红衣少年道:“吕大将军,出兵吧,贵部所有的损失,我负责补偿。”
红脸将军面带不悦地道:“古梦崖,本将军知道你有钱,但是我手下兄弟的性命,不是钱可以买得到的!”
背后传来悠悠的声音:“吕大将军,贪生怕死,不是军人的本色吧?”
红脸将军顿时火冒三丈,霍地转过身来,指着白衣少年喝道:“易天行!你放肆!我的兄弟不怕死,但是也不能白白送死!”
易天行不置可否的?了一口酒,慢腾腾地道:“吕大将军,你可要记得你答应了我们什么?”
红脸将军怒道:“本将军只答应你们帮忙接应易锋寒,没有答应你们与渭州开战!只要易锋寒过了分明岛一线,我就会立即出面保下他!如果易锋寒不能越过分明岛,哼!那是渭州的海域,本将军身为虞国镇海大将军,岂能擅自出兵海外、挑起战乱?请恕我爱莫能助!”
古梦崖脸色一沉:“吕大将军,你恐怕忘记了,我们不是求你,而是在做交易。”
红脸将军大声喝道:“就算本将军前程尽毁,也绝对不会作祸国殃民之辈!”
易天行朗笑一声,上前拦住怒容满面的古梦崖,笑嘻嘻地道:“敢问吕大将军,你率军越过分明岛,怎么就祸国殃民了?”
红脸将军道:“神州、渭州的海疆,向来就是以分明岛为界。本将军率军过界,就相当于我大虞向渭州朝廷宣战!到时候两国交锋、兵祸连绵,还不是祸国殃民?!”

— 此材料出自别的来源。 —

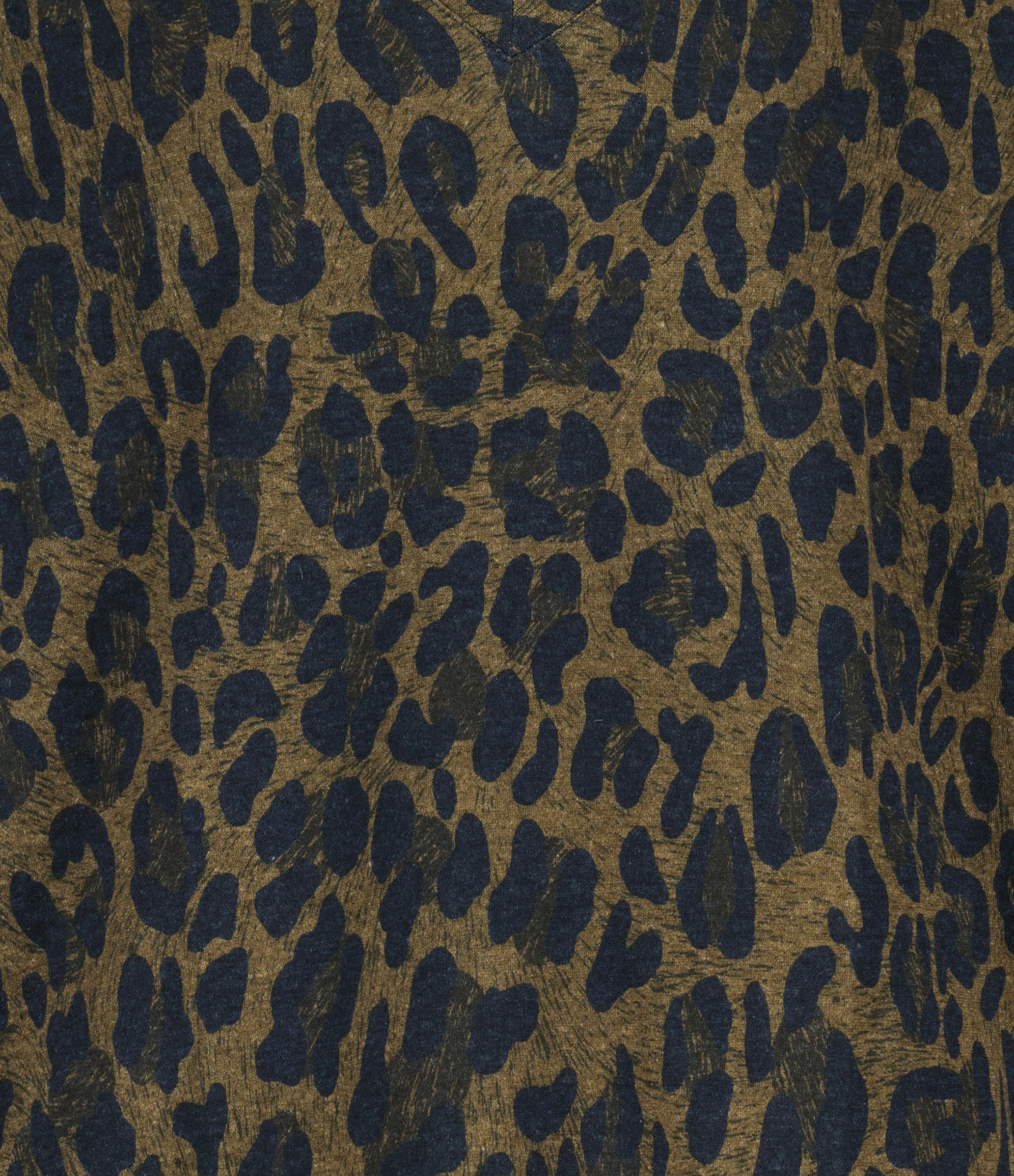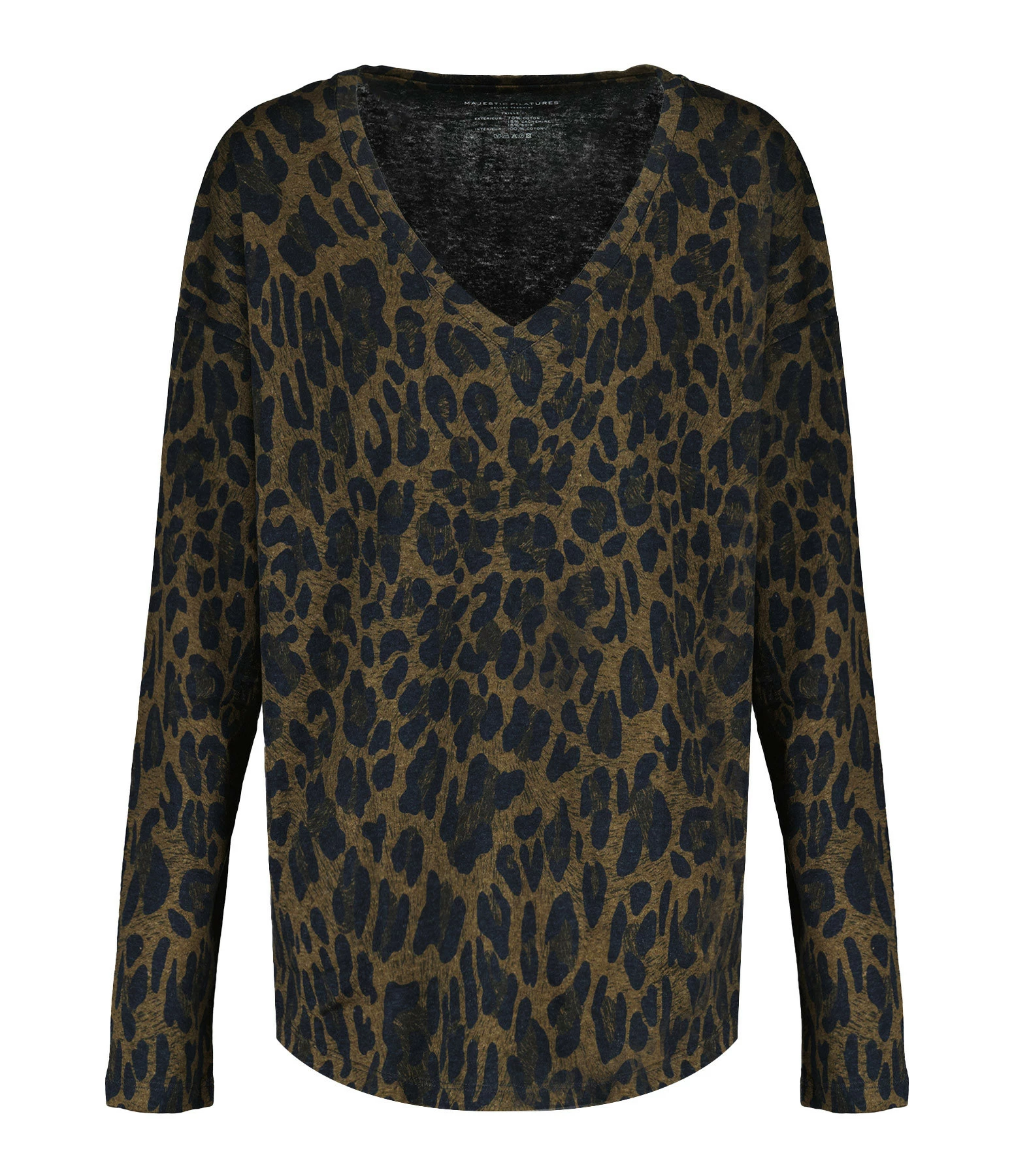 Tee-shirt en coton à imprimé léopard. Col V. Manches longues. Base arrondie.

易天行摇头笑道:“吕大将军你说错了。你也看到了,东东儿这个人丝毫没有仁德之心,而且睚眦必报,为了铲除异己,易锋寒已经逃离渭州,他还不依不饶、千里追杀,为了达到目的,他竟然不惜驱动民船去充当炮灰消耗易锋寒的实力。像这样的人,你出面拦截他,他会放过你?届时他们先开火,我们的伤亡会比主动出击更大!海战不比守城,远程火力没有办法压制住数量巨大的敌军,拼着死一半的人,东东儿的舰队就会与我们短兵相接。正如你所言,他们船只人员太多,就算我们兵精将猛,能够以一敌十,胜了也是惨胜。请问到时候,吕大将军想如何向皇上交代?我们主动出击就不同了,敌明我暗,加上我方军舰虽少,火力猛烈、将士精锐,反观东东儿一党,乌合之众,徒具数量,只要我们占据先手,打他个措手不及,用猛烈的攻势压得他们没有还手之力,那些被强行征兆的民夫惶恐之下,一定会不听将令、各自逃窜,那时船只人数之众便不是优势,而是祸根!经此一役,渭州战舰及水军将士必定损失惨重,以渭州物产之贫瘠、人力之匮乏,没有数十年工夫不可能恢复元气。哪儿来什么兵祸连绵呢?”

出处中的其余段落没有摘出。